Seeking clarification on std::forward

1
votes

Referring to std::forward

For all the overloads, the return type has been specified as T&& (ignoring constexpr).

But in the description attached to the following example:

template<class T>
void wrapper(T&& arg) 
{
    // arg is always lvalue
    foo(std::forward<T>(arg)); // Forward as lvalue or as rvalue, depending on T
}

  • If a call to wrapper() passes an rvalue std::string, then T is deduced to std::string (not std::string&, const std::string&, or std::string&&), and std::forward ensures that an rvalue reference is passed to foo.

  • If a call to wrapper() passes a const lvalue std::string, then T is deduced to const std::string&, and std::forward ensures that a const lvalue reference is passed to foo.

  • If a call to wrapper() passes a non-const lvalue std::string, then T is deduced to std::string&, and std::forward ensures that a non-const lvalue reference is passed to foo.

In the two instances above after the first, an lvalue reference and not an rvalue reference (as implied by T&&, is this understanding correct?) has been documented as being passed to foo.

If the above understanding is correct, how come the return value has been specified as T&&?

1
c++c++11stdforward
T&& does not always mean a rvalue reference. I suggest to read Scott Meyers article "Universal References in C++11". - zett42
Take a look at how reference collapsing work. - Snps
What else do you think the return value should be specified as? - M.M

1 Answers

0
votes

There is a distinction between

void f1(int&& a) {}

template<class T>
void f2(T&& a) {}

The first version is defining f1 to work on rvalues.
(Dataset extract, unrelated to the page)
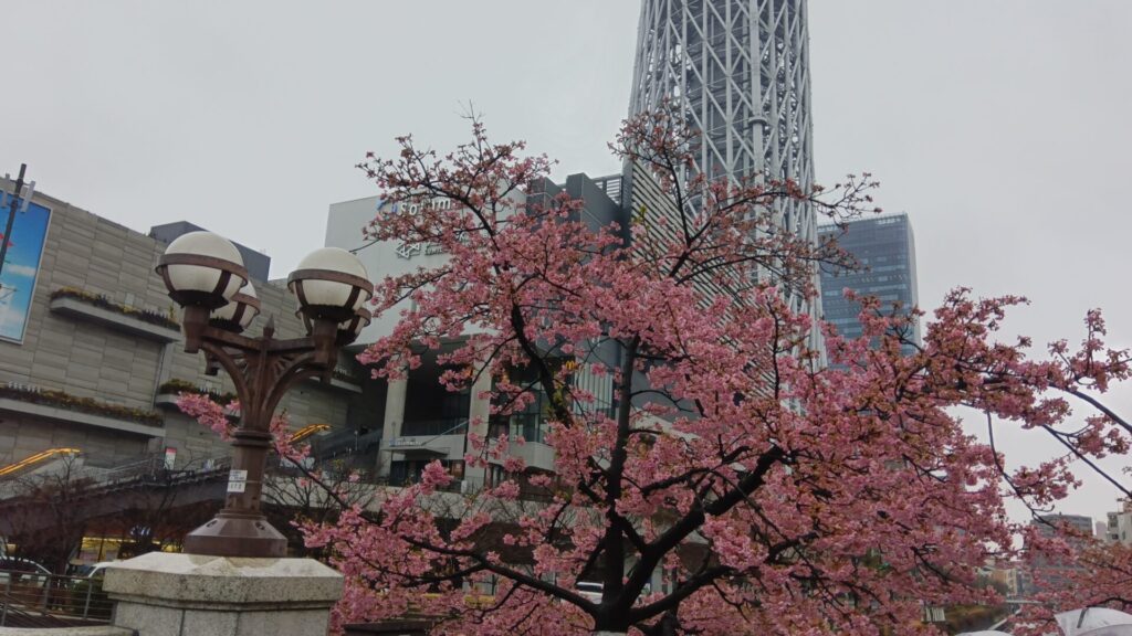 東京スカイツリーふもとの北十間川の河津桜が見頃を迎えたようなので、何年か前に伊豆の河津町で雨の日に見た桜がすごくキレイだったのを思い出し、まとまった雨の降っている今日を選んで行ってみました。人も少ないだろうと思ったのですが桜と写真を撮る人が途絶えませんでした。何日か前エレベーターが止まるアクシデントがあったので、稼働しているのかはわかりませんが、展望台は雨でかすんでいて桜とのツーショットはとても幻想的でした。墨田区家族葬窓口は24時間365日ご葬儀に関するご相談を受け付けています。葬祭ディレクター1級が在籍、ご家族の想いに寄り添ってお応えいたします。【電話】0120-56-4940お気軽にお問い合わせください。
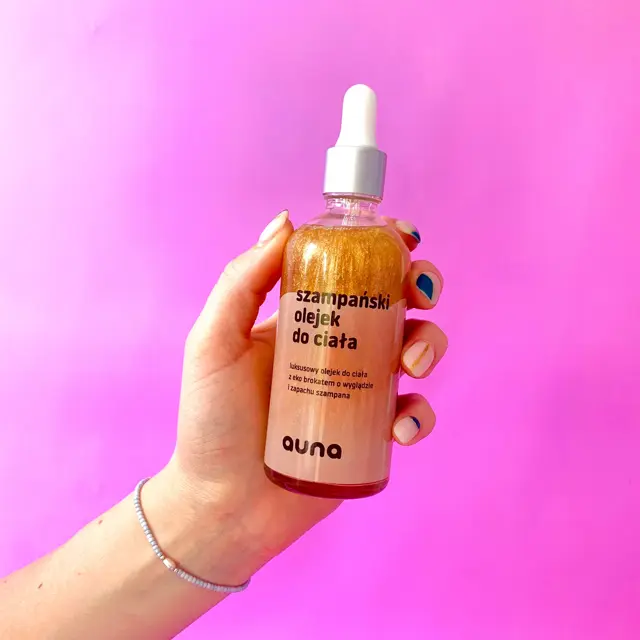 Podaruj sobie odrobinę luksusu, który otula ciało świetlistą aurą i aromatem najszlachetniejszego szampana. Olejek szampański z drobinkami od marki Auna Vegan to wegański rytuał zamknięty w butelce, stworzony z myślą o kobietach pragnących czuć się wyjątkowo każdego dnia. Szlachetne oleje roślinne sprawiają, że skóra staje się jedwabiście miękka, a mineralny pył subtelnie rozświetla ją przy każdym ruchu, podkreślając naturalne piękno. Formuła suchego olejku błyskawicznie się wchłania, nie pozostawiając tłustej warstwy, dzięki czemu możesz cieszyć się aksamitnym wykończeniem tuż przed wielkim wyjściem. To chwila czystej przyjemności i blask, który pozostaje z Tobą na długo.

The second version, on the other hand, is a template function accepting a universal (or in some references, forwarding) reference as its argument.

To understand the mechanics of std::forward, you should call f2 with different arguments, as in:

#include <iostream>

template <class T> void f2(T &&a) { std::cout << __PRETTY_FUNCTION__ << '\n'; }

int main() {
  int a{5};

  f2(5);
  f2(a);

  return 0;
}

When you compile the code, say with g++, you get the following output from your program:

./a.out
void f2(T &&) [T = int]
void f2(T &&) [T = int &]

As you can see, in the first call T is deduced to be int, whereas in the second call it is deduced to be int &. Due to the reference collapsing rules, as already mentioned in the comments to your question, T && will give you T whereas T& && will give you T&. In short, you observing T&& as the return type does not mean that the functions return an rvalue reference. In fact, in the template functions, && is like an identity operator. When combined with T&, it will give you T&; otherwise, it will give you T.

There is a really nice talk at CppCon2016 by Arthur O'Dwyer on this topic. Maybe you can have a look at it to understand the template type deduction rules, which will help you in clarifying the std::forward behaviour.